苏秉渊慢悠悠地喝着酒,“虽说你只是一个赘婿,但在城中也有些产业,何必为那些山贼效劳?”
陆阳笑而不语。
他可是山贼头目!
苏秉渊还没弄清状况。
“苏公子,在下祝朝廷凯旋,我和那些山贼可一点关系都没有。”
陆阳很是镇定的说道。
苏秉渊的脸色沉下去。
死鸭子嘴硬。
陆阳就是不见棺材不落泪。
等他收拾完那群山贼,严刑逼供之下,山贼必定说出陆阳这个同党。
届时,他要陆阳好看。
“哼,你倒是沉得住气。”
苏秉渊用力将酒杯放在桌子上,发出‘砰’的一声,他阴沉地逼视着陆阳,瞎掉的左眼隐隐作痛。
“苏公子,在下的人品,你是知道的。”
陆阳似笑非笑地问道。
“好。。。”
苏秉渊连说三个好字,气愤地起身,“敬酒不吃吃罚酒。

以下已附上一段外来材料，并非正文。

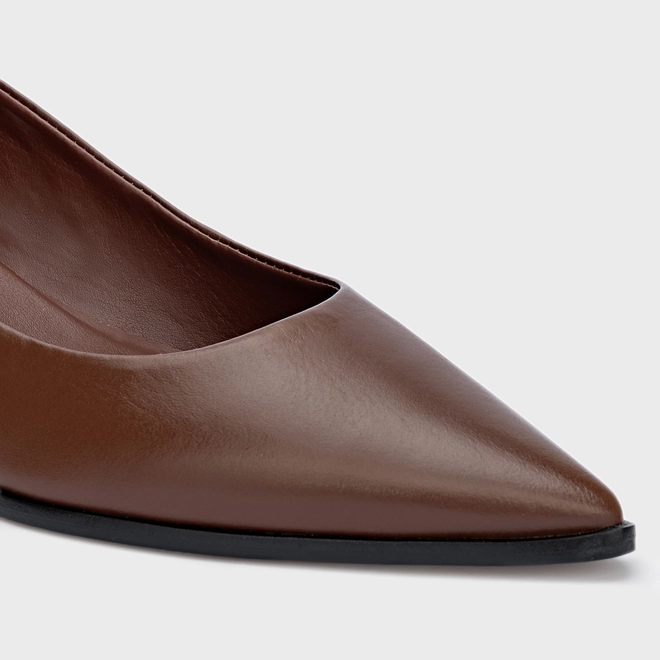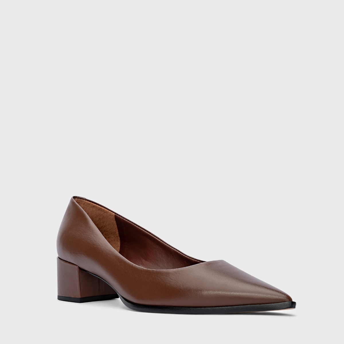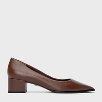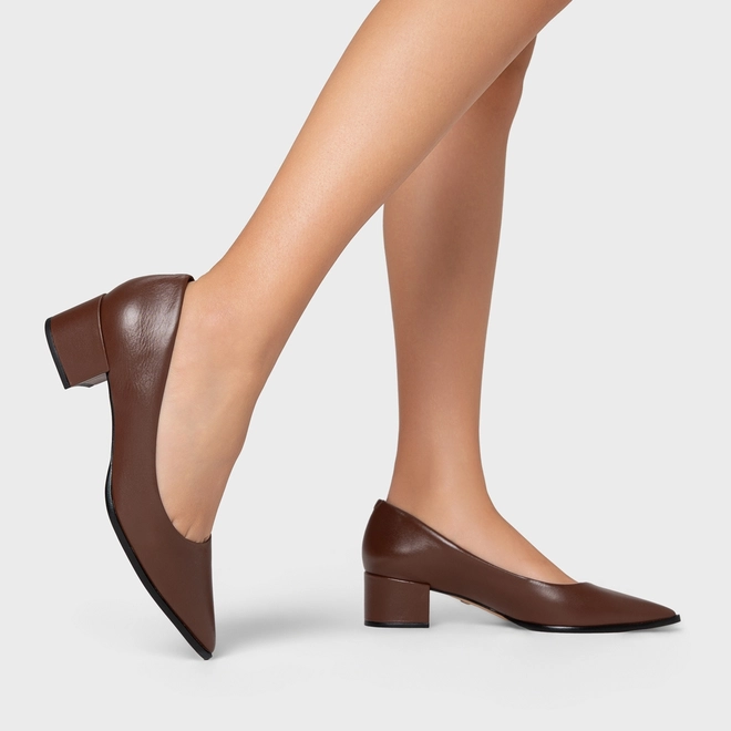 Scarpin Charlotte Salto Bloco Couro Marrom Mahogany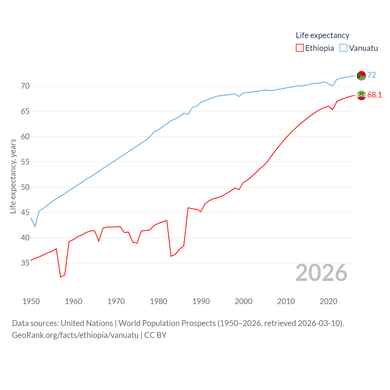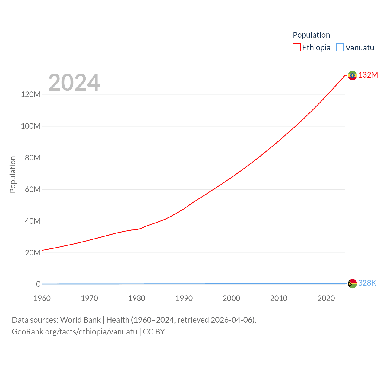 Ethiopia has a population of 132M (ranked 10/197), compared with 328K in Vanuatu (ranked 174/197). Ethiopia's land area is 435,716 sq mi versus 4,707 sq mi for Vanuatu (ranked 25th vs. 157th).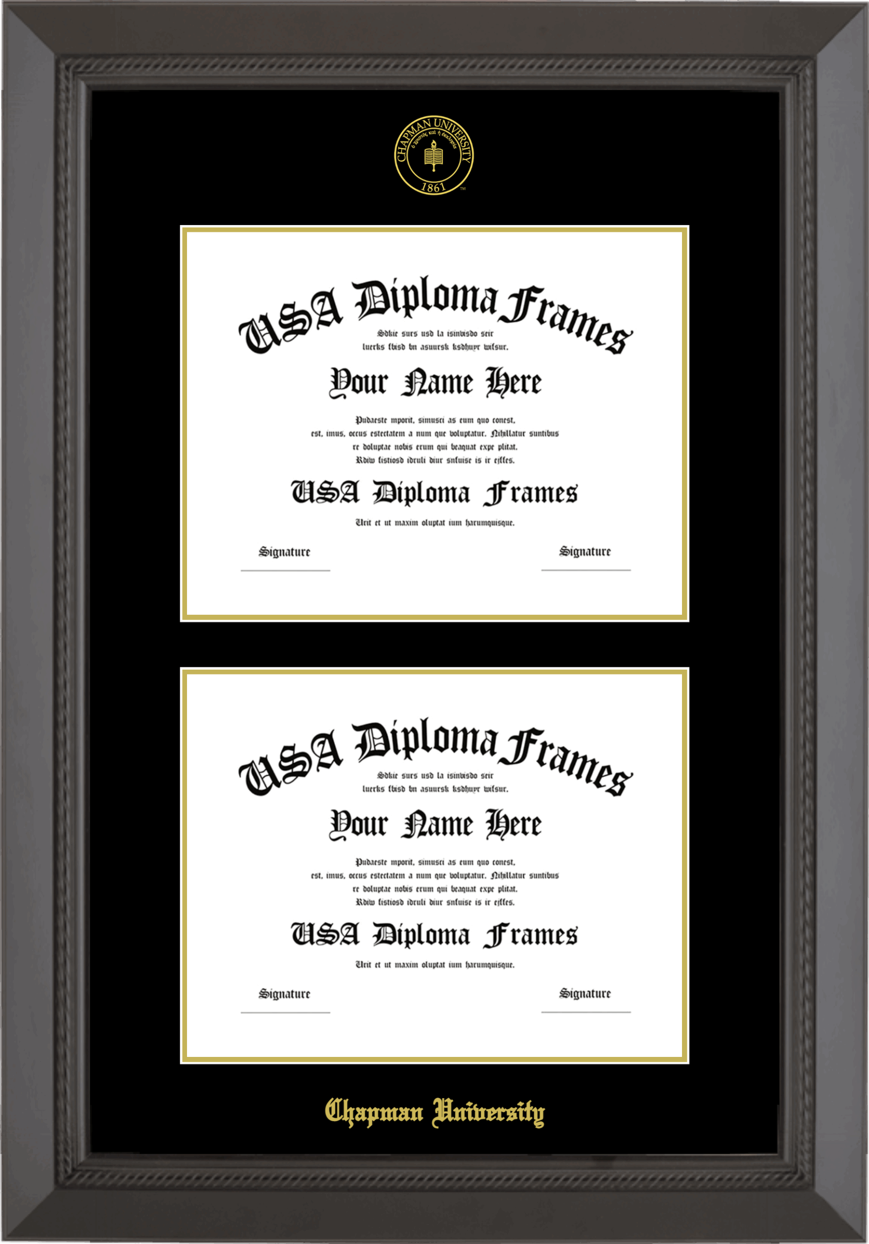Chapman University Double Diploma Frame – Double Document – Black Rope – Black and Gold Mat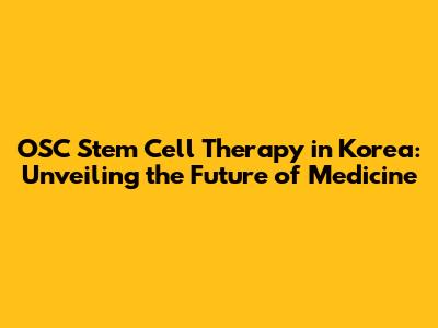 OSC Stem Cell Therapy In Korea: A Deep Dive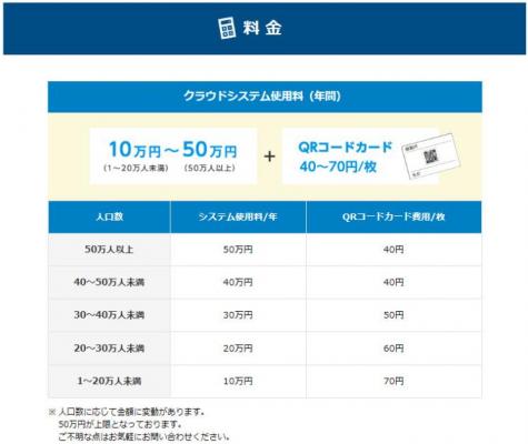 ■クラウドシステム使用料 :10万円~50万円 (QRコードカード40~70円/枚)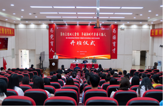 开班仪式上,学院党委委员、副院长罗潇带领与会人员重温“高校辅导员誓词”,并为第31期辅导员素质能力提升培训班授旗。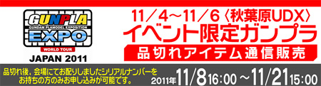 在月初舉辦的鋼普拉盛會「GUNPLA EXPO WORLD TOUR JAPAN 2011」,在會場所販售的活動限定鋼彈模型中,於展期完售商品的網路通販將在Premium BANDAI・Hobby網路商店中販售至 11月21日(一)15:00止。

”
陆阳又不傻。
他要是老实交代,直接没命。
随着苏秉渊走出酒楼,他松了口气,站在酒楼扫视着漫长的街道。
晌午时分。
浩浩汤汤的队伍出现在长街上,装备精良,操练大半月以后,这些士卒要比以往更有秩序,不急不缓地朝着城外走去。
酒楼外也出现了十几个操刀的武卒。
陆阳瞥了眼这些武卒。
“陆公子,在剿匪期间,你不得离开这家酒楼。”为首的武卒冷笑一声,威胁道:
“你要是执意离开,别怪我不客气。”
陆阳知道这是苏秉渊安排监视他的人。
他淡然坐下。
城外应该会有巨响。
可惜。。。
他不能出城看戏。
。。。。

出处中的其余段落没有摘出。